When IU and Purdue last met in Ross-Ade Stadium in 2015, Purdue had nothing left to play for except ruin the hopes of the Hoosiers getting to their first bowl game since 2007. Despite the Boilers’ efforts, IU was able to win and advance to the New Era Pinstripe Bowl.
Between then and Saturday, IU won its fourth straight Old Oaken Bucket and advanced to yet another bowl game.
When the Hoosiers returned to West Lafayette though, the stakes were different, as Purdue’s last hope for advancing to a bowl game in head coach Jeff Brohm’s first season was to beat IU, and IU needed the win to guarantee a ticket to its third consecutive bowl game — and to prevent the door from slamming shut on its break through goals.
With the weight of missed opportunities — the overtime loss to Michigan, the close loss at Michigan State and the fumbled loss to Maryland — resting on the rivalry game, IU dropped it, losing 31-24 and finishing with a losing record for the first time since 2014.
“It’s a different type of pain,” freshman wide receiver Taysir Mack said about losing the Bucket and a guaranteed bowl bid. “I didn’t understand the hurt until I came into the locker room and saw those guys’ faces that couldn’t come back. Like living with Rich and with Simmie. Those are my guys. And to see them cry, to see them hurt, it killed me inside because I felt like I could’ve done more. I felt like we all could’ve done more.”
Mack continued and said he believed the offense could have performed better, that the fate of the game relied on its offense if IU was going to win the game.

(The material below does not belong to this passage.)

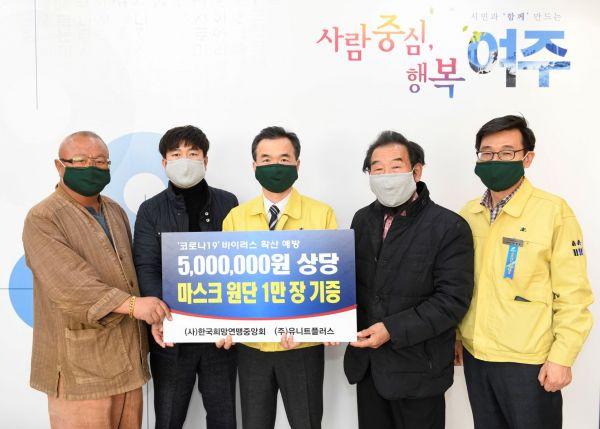이에 이항진 여주시장은 “마스크 착용이 매우 중요한 시기에 봉사단체의 적절한 지원으로 코로나19 극복에 동참한 것에 깊이 감사드린다”고 전했다

But from the first play of the game, the offense struggled. Senior quarterback Richard Lagow forced a pass into heavy traffic and it was intercepted by Purdue and returned to the IU 5-yard line. On the next play, Purdue receiver Jackson Anthrop took a sweep into the endzone for the first score of the game.
IU would eventually force a fumble that led to a Simmie Cobbs touchdown and a 64-yard Ricky Brookins rush to set up a field goal. Other than those two drives, which IU could have built on the long run in Purdue territory, IU went 3-and-out five times in the first half and even punted on a 12-play drive.

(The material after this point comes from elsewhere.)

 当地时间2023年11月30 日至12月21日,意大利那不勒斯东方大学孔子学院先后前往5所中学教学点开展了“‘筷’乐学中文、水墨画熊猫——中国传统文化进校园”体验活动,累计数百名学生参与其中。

Nothing was going for the Hoosiers, and it wasn’t anything the Purdue defense was doing, Lagow said.
“Maybe a couple things, but nothing huge,” Lagow said about Purdue’s defense presenting different looks than on film. “It just kind of came down to us not making plays.”
The big plays were few and far between in the first half for the IU offense, but even when it did make those plays in the second half, the drives couldn’t follow through.
In a third quarter drive, Cobbs made catches of 13 and 11 yards and helped push IU into Purdue territory, but two incomplete passes forced IU into third-and-long. A Ricky Brookins dump-off couldn’t get the first down, and the Hoosiers punted from the Purdue 47-yard line.
That is one example of several drives that stalled in similar fashion, as IU punted the ball nine times before needing to go to a 4-down strategy in the fourth quarter.
This occurred while Purdue running back Markell Jones ran the ball 31 times for 217 yards, carrying the Purdue offense throughout the majority of the game. And to make matters worse for the IU defense’s stamina, 11 non-scoring offensive drives took less than three minutes off the game clock.
“It was offense,” Mack said. “We didn’t do what we should’ve done. The defense got tired and it was on us, and I feel like we could’ve contributed way more. We did do our thing toward the end but it was just too late.”
Even when the IU offense did drive in the fourth quarter, it still couldn’t avoid mistakes, as a 9-play, 63-yard drive ended when Lagow missed his man in the endzone on Purdue’s 8-yard line.
When the kickoff team recovered an onside kick after a quick touchdown drive, IU’s offense couldn’t pull through and eventually went 4-and-out, leading the game to ride on a failed onside kick in the last minute of regulation.
While Lagow finished with 373 yards on 32-of-60 passing and Mack (132) and Cobbs (105) each finished with more than 100 yards receiving and one receiving touchdown, the offense was stagnant throughout most of the game.
Morgan Ellison also left the game in an ambulance with an undisclosed injury.
“A lot of special men are in that locker room hurting, and I’m hurting with them,” Tom Allen said. “We just made too many mistakes early on to overcome them.”